Katherine Forrest: Hello everyone and welcome to today's episode of Paul Weiss Waking Up With AI. I'm Katherine Forrest.

Scott Caravello: And I'm Scott Caravello. Katherine, you're back. How was Italy?

Katherine Forrest: I am back from Italy. Do you know I did, like, a four and a half day trip to Italy and, you know, you can actually go to Italy and have four and a half days and it actually works. I mean, you have to have like a travel credit in order to do that… this is what I had that was about to run out. I just want to tell you one thing. So, I had something that I had not had before, which probably people are going to laugh at, but I actually had Cacio e Pepe Ravioli.

Scott Caravello: So… Cacio–so so…

Katherine Forrest: See, it's rendered you speechless!
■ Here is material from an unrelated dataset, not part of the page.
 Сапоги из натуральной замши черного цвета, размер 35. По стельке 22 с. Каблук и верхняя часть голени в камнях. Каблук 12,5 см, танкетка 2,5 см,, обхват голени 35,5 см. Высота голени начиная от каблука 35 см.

Like you can't even, you're, like, stumbling here.

Scott Caravello: Well, ah, uh, I–

Katherine Forrest: It’s unusual, right?

Scott Caravello: But the question is, have you had Cacio e Pepe… or just never had it in ravioli form?

Katherine Forrest: Oh, no! I've had, like, Cacio e Pepe, like, 8 million times. Okay?
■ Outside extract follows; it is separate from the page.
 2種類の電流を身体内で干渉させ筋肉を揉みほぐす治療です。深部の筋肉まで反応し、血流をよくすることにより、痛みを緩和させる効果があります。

Scott Caravello: Okay. So, that doesn't, like, shock the conscience… as much as I… I thought it would.

Katherine Forrest: No, but it was so good! It was so, so good. So, I came back and I've been trying to walk the stairs ever since. But, well, are you okay? You doing okay today?
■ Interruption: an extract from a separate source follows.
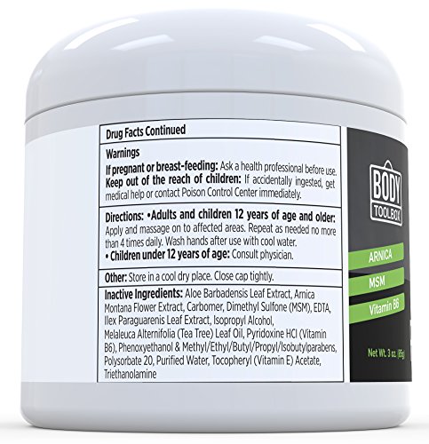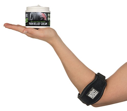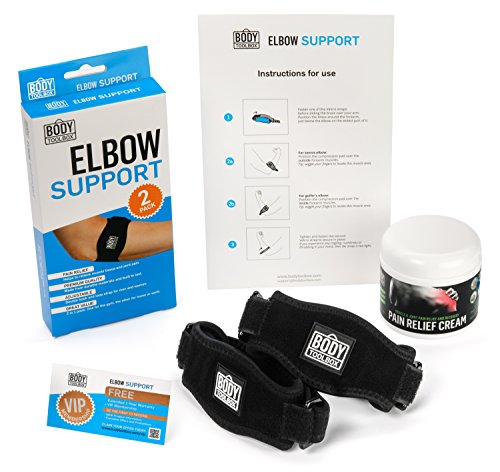 Studio : Body Toolbox Publisher : Body Toolbox Binding : Health and Beauty Product Description Get instant pain relief without the meds with the: Tennis Elbow Brace Pain Relief Cream by Body Toolbox Address repetitive arm motion injuries such as: Tendonitis - Tennis Elbow Lateral Epicondylitis - Golfer's Elbow Medial Epicondylitis - Arthritis - Radial Tunnel Syndrome - Cubital Tunnel Syndrome - Ulnar Nerve disorders - Elbow Hyperextension Pain. The best forearm brace / elbow strap to complement or replace a tendonitis elbow sleeve. Soft firm gel compression pad - for comfort, muscle stability improved blood flow during arm motion activities. "Dual Velcro clasp system" - for a fully adjustable tailored fit on the right arm or left arm. Generous cushioning - to cover the entire pain area for targeted pain relief. Tight secure stitching seam work - for durability long extended use over time. Durable, thick flexible high grade neoprene - provides superior breathability, strength resilience over cheap inferior alternatives from the doctor's office or your local drug store. Multiple uses for sports everyday activities. The cream is a unique non-pill pain relief treatment that spreads evenly and effortlessly across the body absorbs deep into the skin to target areas of pain experienced in joints and muscles. Key ingredients are: Menthol 3.7% (Active Ingredient) - Provides deep penetrating pain relief, cools the skin works as a local Anesthetic. Arnica Montana Extract - A powerful anti-inflammatory that helps to increases circulation. Vitamin B6 (Pyridoxine) - Helps promote normal nerve function. MSM - An anti-inflammatory that supports healthy connective tissues. Ilex Leaf extract - Natural caffeine that increases circulation conditions the skin. Tea Tree Oil - Penetrates skin accelerates skin healing. Vitamin E - Anti-inflammatory that enhances blood circulation hydrates skin. Aloe - Anti-inflammatory properties that softens hydrates skin. 0

Scott Caravello: Oh, yeah, I’m great.

Katherine Forrest: I want to make sure I ask about you.

Scott Caravello: Oh. Thank you. That's really kind.

Katherine Forrest: You know, you're actually, the audience can't see it, but you're wearing like a shirt and tie. What's going on?

Scott Caravello: No, no tie. I'm enjoying the spring weather, put on a jacket… enjoying life, that's all.

Katherine Forrest: Yeah. All right. Terrific. Well, let's get down to it. So, what are we talking about today?

Scott Caravello: So, we are going to talk about Mythos, which is the new Anthropic model that's gained so much buzz and has been all over the headlines. And, you know, we talked about it originally a few weeks ago as sort of, like, a second, separate piece of an episode, not the main topic, but given all of the immediate hype and the quote–unquote step change in AI model capabilities, it was obvious that we'd be coming back to the topic, but I honestly didn't expect it to happen quite as quickly.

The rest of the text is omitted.